# iphone qui ne veut pas se flasher



## Ryaddz (10 Mars 2019)

bon salut les gens
j'ai mon iphone 6 bloqué sur le logo apple apres l'avoir jailbreaké deux fois grace a electra et unc0ver 
le probleme quand je le branche avec l'ordi et je lance un logiciel pour reparer cette erreur il demande de telecharger la derniere version d'ios j'ai téléchargé apres quand j'ai commencer a flasher l'iphone sa affiche une erreur -1 et il s'arrete a 20% j'ai utilisé de differents pc et de cables on ma dit peut etre un probleme dans le circuit ou avec la ram je sais pas ou il est le probleme
avant itunes détéctait l'iphone maintenant non mais les autres logiciels ils détectent 
                            s'il vous plait aidez moi et merci beaucoup l'équipe


----------



## Igrekoa2n (10 Mars 2019)

Bonjour @Ryaddz, 
Malheureusement et sauf erreur de ma part, il est interdit de parler de jailbreak sur ce forum.
Le seul conseil que je pourrais te donner est donc d'essayer de passer ton téléphone en mode DFU avec écran noir et espérer pouvoir réinstaller une version propre de ton OS, via iTunes de préférence.


----------



## Ryaddz (11 Mars 2019)

Igrekoa2n a dit:


> Bonjour @Ryaddz,
> Malheureusement et sauf erreur de ma part, il est interdit de parler de jailbreak sur ce forum.
> Le seul conseil que je pourrais te donner est donc d'essayer de passer ton téléphone en mode DFU avec écran noir et espérer pouvoir réinstaller une version propre de ton OS, via iTunes de préférence.

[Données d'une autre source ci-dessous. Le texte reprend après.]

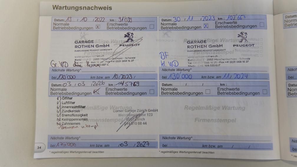 Fahrzeug ist fahrbar hat aber Leistungsverlust bei Beschleunigung wir haben nicht weiter Geprüft . Service ist vor kurzem gemacht ( siehe Bild ) Motor und Getriebe sind trocken 2 Fahrzeugschlüssel und Servicemappe vorhanden Fahrzeug nicht auf weiteres kontrolliert Bremsen hinten noch ca. 30 % - Vorne komplett Neu Alle Plastik im Kofferaum Zerkratzt Armaturenbrett rechts oben kleine weisse flecken Sommerpneu 5.9mm Profil DOT (0325) Winterpneu 6 mm Profil DOT (2924 ) Diverse klein Schäden und Kratzer am Karosserie Alles auf Fotos sichtbar Keine Garantie Jede Gewährleistung wird wegbedungen, insbesondere sind Wandelung und Minderung ausgeschlossen Bieten Sie nur wenn Sie damit einverstanden sind. Keine Nachverhandlung mehr vor Ort möglich. Abholung 8105 Regensdorf innerhalb von 3 Tage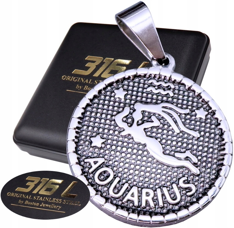 СРІБНИЙ МЕДАЛЬЙОН МЕДАЛЬЙОН ЗНАК ЗОДІАКУ ВОДОЛІЙ 316L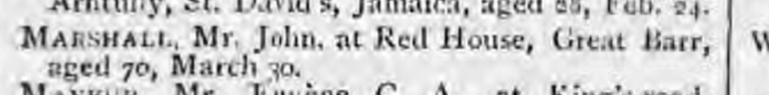John Marshall was the son of William Marshall, resident at Bescott Hall. More information can be found here about John Marshall and his family.

J'ai essayer avec iTunes mais sa affiche une erreur j'ai télécharger une version iOS propre on ma dit un problème avec le circuit ou la RAM
Svp aidez moi merci


----------



## daffyb (11 Mars 2019)

Igrekoa2n a dit:


> Malheureusement et sauf erreur de ma part, il est interdit de parler de jailbreak sur ce forum.

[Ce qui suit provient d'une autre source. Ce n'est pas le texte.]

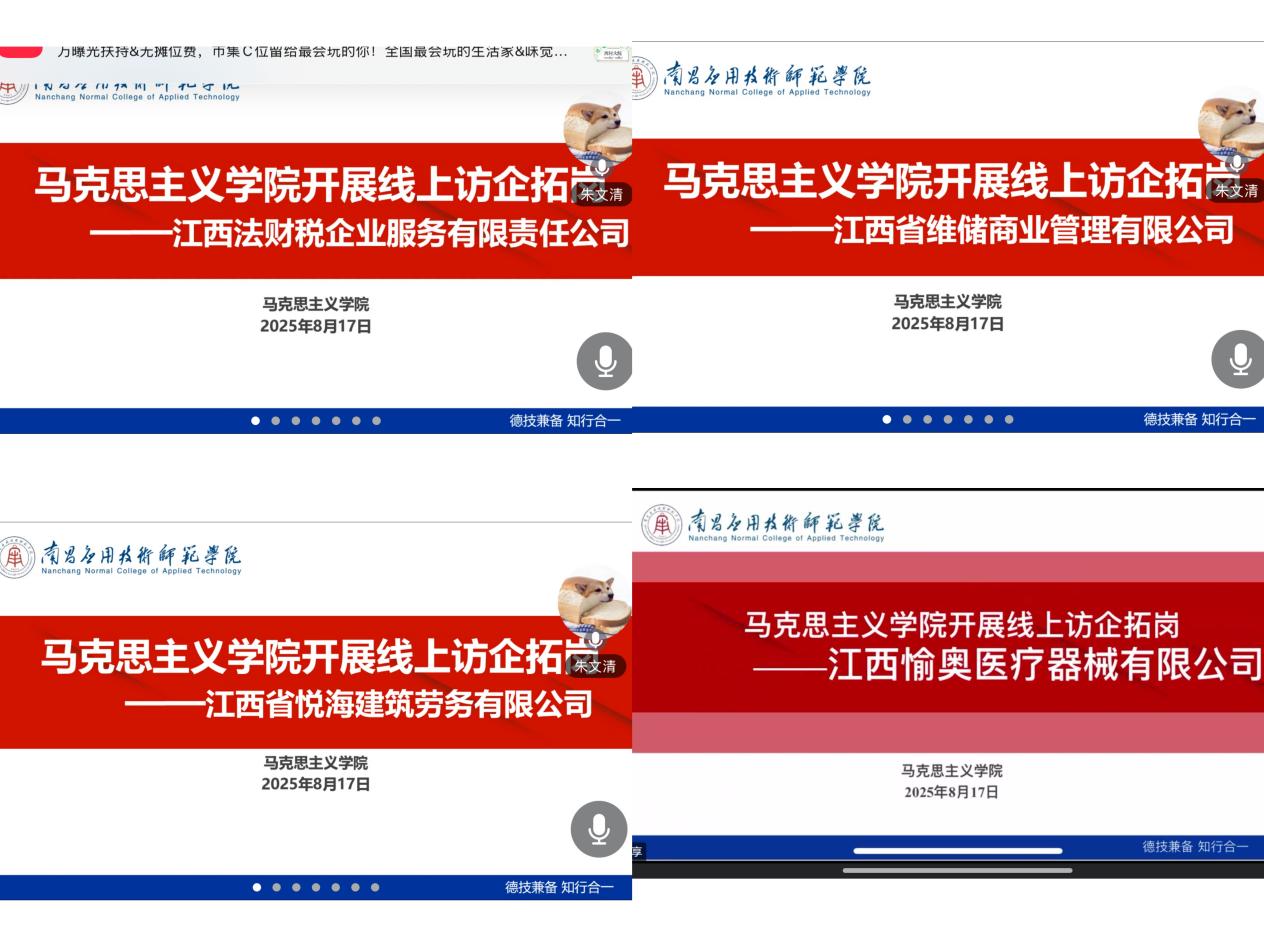 2025年8月17日上午,304永利集团官网入口与江西法财税企业服务有限责任公司、江西省维储商业管理有限公司、江西省悦海建筑劳务有限公司、江西愉奥医疗器械有限公司开展校企合作,洽谈会在腾讯会议举行。304永利集团官网入口党总支书记张欣康,企业领导参加会议,会议由朱文清主持。

erreur de ta part en effet, il y a meme une session dédiée :
*Customisation et jailbreak*


----------



## Ryaddz (11 Mars 2019)

daffyb a dit:


> erreur de ta part en effet, il y a meme une session dédiée :
> *Customisation et jailbreak*


Oui il y'a la session de jailbreak
Sinin qui peut me montrer ou est le problème svp merci


----------



## daffyb (11 Mars 2019)

Je ne m'y connais pas en JailBreak, donc je laisse la place à d'autres


----------



## Jura39 (11 Mars 2019)

Ryaddz a dit:


> bon salut les gens
> j'ai mon iphone 6 bloqué sur le logo apple apres l'avoir jailbreaké deux fois grace a electra et unc0ver
> le probleme quand je le branche avec l'ordi et je lance un logiciel pour reparer cette erreur il demande de telecharger la derniere version d'ios j'ai téléchargé apres quand j'ai commencer a flasher l'iphone sa affiche une erreur -1 et il s'arrete a 20% j'ai utilisé de differents pc et de cables on ma dit peut etre un probleme dans le circuit ou avec la ram je sais pas ou il est le probleme
> avant itunes détéctait l'iphone maintenant non mais les autres logiciels ils détectent
> s'il vous plait aidez moi et merci beaucoup l'équipe



Un logiciel pour réparer ?


----------



## Ryaddz (11 Mars 2019)

Jura39 a dit:


> Un logiciel pour réparer ?


oui comme dr.fone ou reiboot c'est pour la réparation du systeme


----------



## Jura39 (11 Mars 2019)

Ryaddz a dit:


> oui comme dr.fone ou reiboot c'est pour la réparation du systeme


Quel intérêt de ces logiciels ?


----------



## Ryaddz (11 Mars 2019)

Jura39 a dit:


> Quel intérêt de ces logiciels ?


pour reparer l'iphone qui est bloquer sur le logo apple


----------



## Jura39 (12 Mars 2019)

Ryaddz a dit:


> pour reparer l'iphone qui est bloquer sur le logo apple


C'est quoi ce logiciel ?


----------



## Ryaddz (12 Mars 2019)

Jura39 a dit:


> C'est quoi ce logiciel ?


Dr.fone


----------



## Deleted member 1108206 (12 Mars 2019)

Bonjour,
As-tu tenté en mode Récupération ou DFU avec iTunes  ?


----------



## Ryaddz (12 Mars 2019)

Diablo76 a dit:


> Bonjour,
> As-tu tenté en mode Récupération ou DFU avec iTunes  ?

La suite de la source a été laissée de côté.